SUPPLIED ENTRIES below:
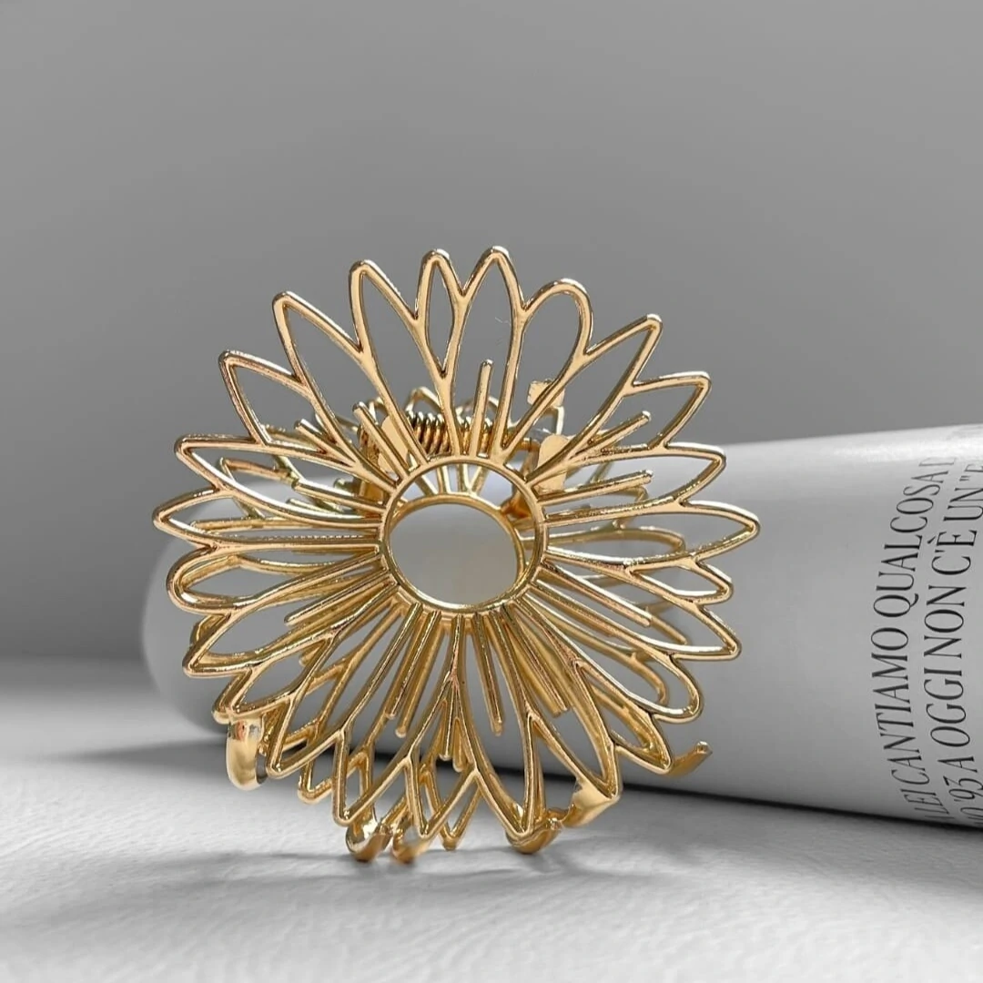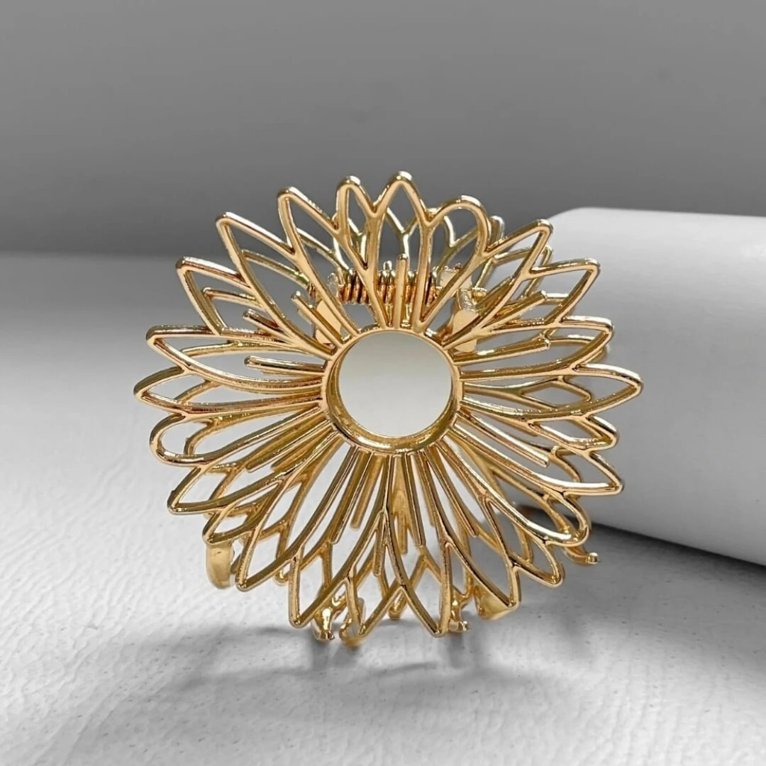 Piranha Girassol Metal, o mais novo sucesso em acessórios de cabelo que você vai amar! Na categoria de Acessórios de Cabelo > Piranhas, esta piranha se destaca pelo seu design exclusivo em formato de girassol, trazendo um toque de alegria e modernidade ao seu visual.
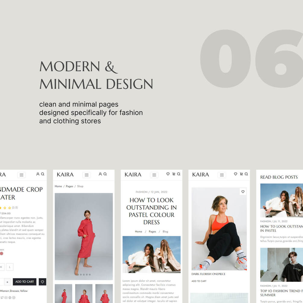 Kaira's aesthetic appeal enhances your fashion store's visual appeal, providing a modern and stylish look that captivates visitors.
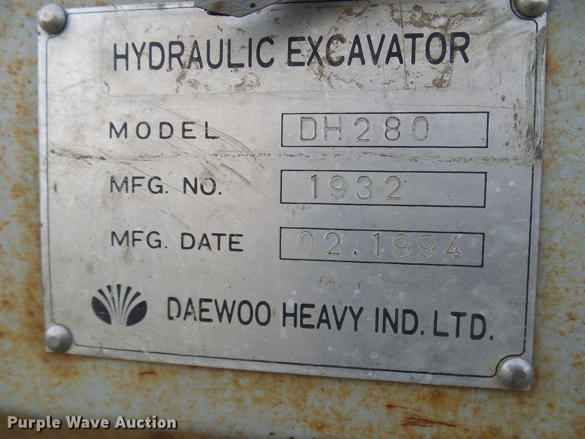 Purple Wave is selling a used Hydraulic Excavator in Missouri. This item is a 1994 Daewoo DH280 excavator with the following: 2,815 hours on meter, Daewoo D2366 six cylinder turbo diesel engine, Hydrostatic transmission, EROPS, AM/FM, Suspension seat, Standard boom, 24"W bucket, Weld-on cutting edge, (3) bolt-on teeth, Auxiliary hydraulics, 33"W steel triple grouser track pads, Key switch inoperable, Fuel pump issue, leaks and will not start, Serial 1932
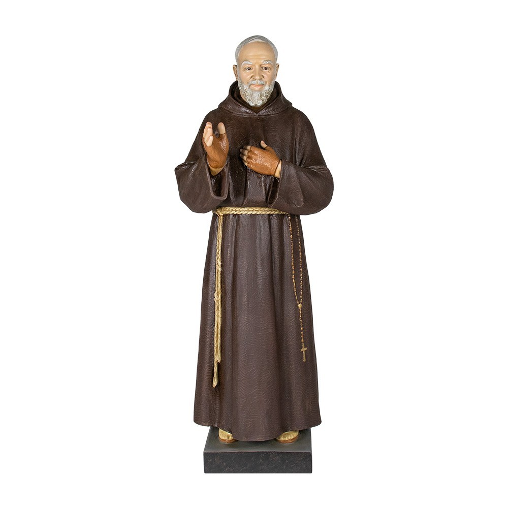 Statua San Pio da Pietrelcina con occhi in vetro realizzata interamente in vetroresina. Questa bellissima statua sacra è dipinta finemente a mano e rifinita nei particolari, ideale per l'esterno perchè estremamente resistente alle intemperie. Ottima per processioni ed all'interno delle chiese perchè molto leggera.
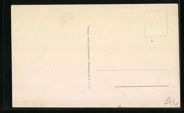 Personenbezogene Daten auf der Rückseite der Karte wurden durch blauen Textmarker unkenntlich gemacht. Die blauen Stellen sind auf die Vorderseite durchgeweicht und wirken sich negativ auf das Postkartenfoto aus
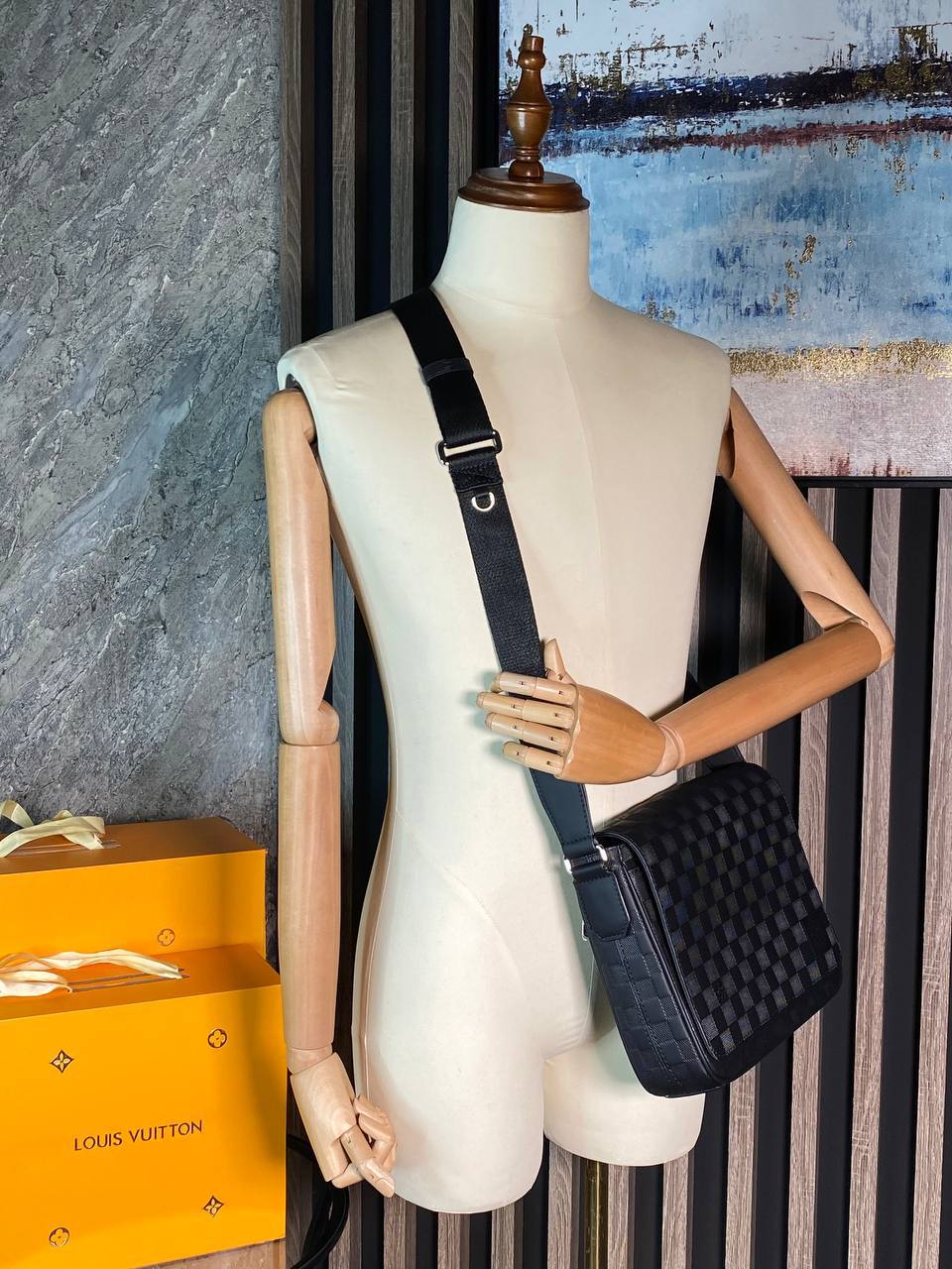 Сумка мужская Louis Vuitton LUX-114484 — это элегантный аксессуар, выполненный в классическом стиле. Сумка выполнена в черном цвете, с характерным для бренда плетением, имеет прямоугольную форму и подходит для повседневного использования.
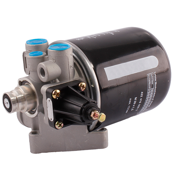 . در خودروهای سنگین، پس از تولید هوای فشرده توسط پمپ باد، نیاز است فشاری که وارد مخازن میشود بهطور دقیق کنترل شده و از برگشت باد به سمت پمپ جلوگیری گردد. سوپاپ خشککن کامل 4 پورت این وظیفه را بهخوبی انجام میدهد. این قطعه دارای پیچ تنظیم فشار در کناره خود است که امکان تنظیم فشار هوای مخزن در بازهای استاندارد را فراهم میکند. از طرفی، فیلتر خشککن وظیفه جذب رطوبت و ذرات حاصل از فشردهسازی هوا توسط پمپ باد را بر عهده دارد؛ عاملی مهم در افزایش طول عمر قطعات سیستم پنوماتیک خودرو.
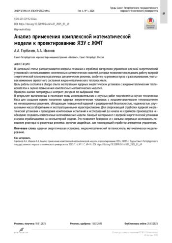1. Федорович Е.Д., Курдюков И.И. Аналитический обзор опыта эксплуатации и современных разработок ядерных энергетических установок средней и малой мощности с жидкометаллическим теплоносителем. Часть 2 // Технологии обеспечения жизненного цикла ЯЭУ. 2020. № 3. С. 9–31. EDN: RHOORV
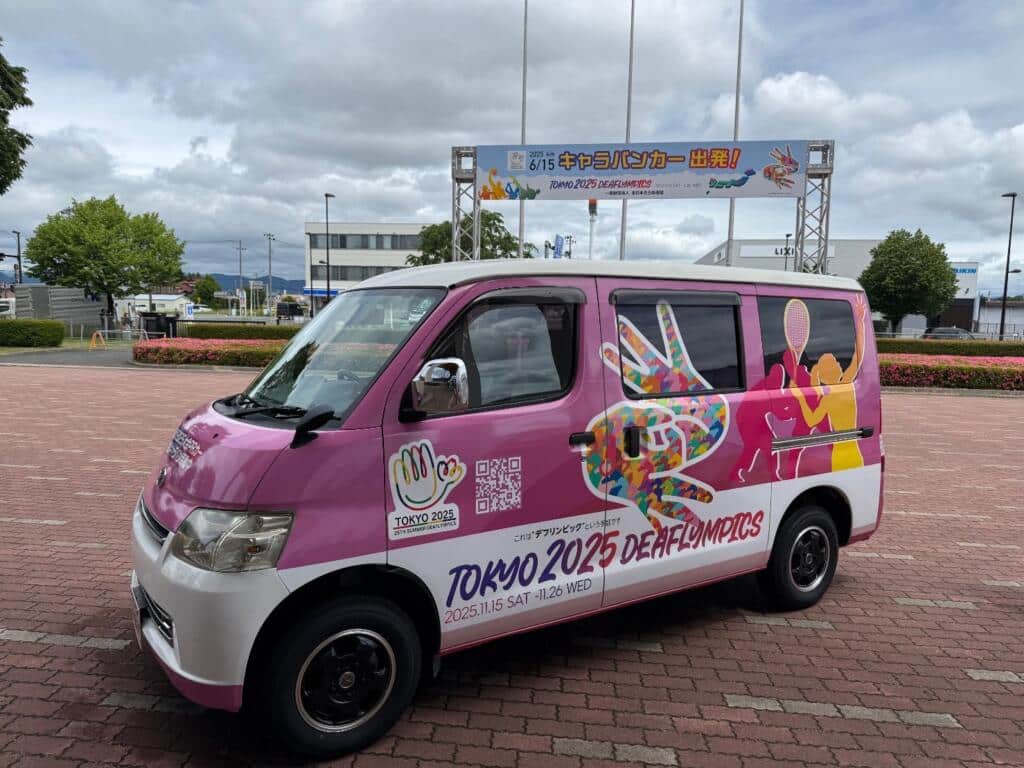 デフリンピックを盛り上げるため、大会都市である東京都を目指して北と南から2台のデフリンピックPRキャラバンカーが日本全国を巡回中です。
End of SUPPLIED ENTRIES.
• [WHAT TO WORK ON]:
Pictures stay out of the copy. Reproduce exactly the lines from the one containing "Сумка мужская Louis" through the last line of the records above, both included.

• [WRITTEN SOLUTION]:
 Сумка мужская Louis Vuitton LUX-114484 — это элегантный аксессуар, выполненный в классическом стиле. Сумка выполнена в черном цвете, с характерным для бренда плетением, имеет прямоугольную форму и подходит для повседневного использования.
 . در خودروهای سنگین، پس از تولید هوای فشرده توسط پمپ باد، نیاز است فشاری که وارد مخازن میشود بهطور دقیق کنترل شده و از برگشت باد به سمت پمپ جلوگیری گردد. سوپاپ خشککن کامل 4 پورت این وظیفه را بهخوبی انجام میدهد. این قطعه دارای پیچ تنظیم فشار در کناره خود است که امکان تنظیم فشار هوای مخزن در بازهای استاندارد را فراهم میکند. از طرفی، فیلتر خشککن وظیفه جذب رطوبت و ذرات حاصل از فشردهسازی هوا توسط پمپ باد را بر عهده دارد؛ عاملی مهم در افزایش طول عمر قطعات سیستم پنوماتیک خودرو.
1. Федорович Е.Д., Курдюков И.И. Аналитический обзор опыта эксплуатации и современных разработок ядерных энергетических установок средней и малой мощности с жидкометаллическим теплоносителем. Часть 2 // Технологии обеспечения жизненного цикла ЯЭУ. 2020. № 3. С. 9–31. EDN: RHOORV
 デフリンピックを盛り上げるため、大会都市である東京都を目指して北と南から2台のデフリンピックPRキャラバンカーが日本全国を巡回中です。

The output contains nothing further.